We also need a set of 10 dark 400-second exposures for detecting hot pixels independently from their non-linearity.
Non-Linearity¶for each filter, for each chip:
- for each day available:
- for each of the 3 flux levels:
- calculate median flux of each of the frames
- multiply each frame with the quotient of desired over median flux level to bring them to the same level
- median-stack frames from the same chip to generate master flats
- for each pair of flux levels (1,2), (2,3)

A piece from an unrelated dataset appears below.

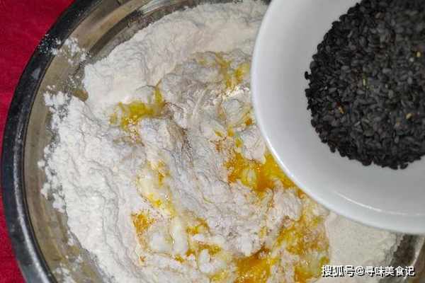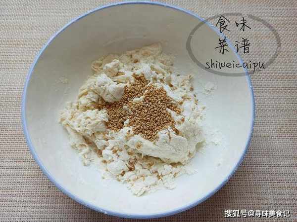 1、准备150克普通面粉,4克食盐,70克的清水和面,边倒边搅拌,等出现面絮后,加2勺白芝麻。

- divide the two master stacks
- note pixels where the fraction is off the quotient of the desired flux levels (i.e., which show non-linearity) beyond the expected statistical uncertainty of the master flats
- compare the list of noted pixels to the list of known bad pixels: are there any new ones?
- save the list for later use
- for each of the 3 flux levels:
for each pair of flux levels (1,2), (2,3)
- compare the number of noted outliers for each date -> is there an increase?
- compare the bad pixel map created for each date [manually, by blinking the masks] -> is there any visible development?
If we want to monitor the change of these bad pixels over time, we could save the FITS image or simply a list of divided flux levels (2,3) for each date; this will parametrize the non-linearity.
Just get a median stack of 10 50000e flats.
Just get a median stack of the dark frames.
Good pixels should have proper Poisson-noise variation from one flat-field exposure to another. This can be tested by calculating the variance between the rescaled counts of pixels in different frames.
1% deviation from the expected flux level quotients in any of the (1,2), (2,3) flux level quotient frames will flag a pixel as non-linear. Note the statistical uncertainty of the stacks should be of the order of 0.1%.
20% less than median response in the stack of 10 50000e flats will flag a pixel as cold.
More than 6300 e/pixel/hour in the dark frame stack will flag a pixel as hot.
If variance is 6sigma off the expected Poisson variance, a pixel should be considered bad. This will produce approx. one false positive over the whole array.
If significant instability is seen (more than 1% of bad pixel count changes over commissioning / SV time; more than 10% change in non-linearity of single pixels), that might be a problem.
We have verified that:
- the cold pixel mask is reasonably stable over time (PASSED)
- the hot pixel mask shows instability; some columns change even in the bias frames between above and below the threshold at a ~ 100 ADU level. This is something the bad pixel masking is not designed for yet and potentially harmful (NOT PASS)
- there are additional defects of two adjacent rows, one with a several per-cent excess flux and one with a similar flux decrement (see also DES-WL issue 3500) near the edges of many/all chips, dubbed funky columns. They do not appear in the bias, flat or dark frames and are therefore currently not masked or corrected for (NOT PASS). Their no-show in these calibration frames means that they are flux-dependent (not exposure time dependent, not constant) defects.
The upshot therefore is that current bad pixel masking does not catch all present cases of bad pixels, and we need to find software solutions to that. Therefore this requirement will pass once the hot pixel variability and funky columns are accounted for and it is verified, that no other significant bad pixel problems exist.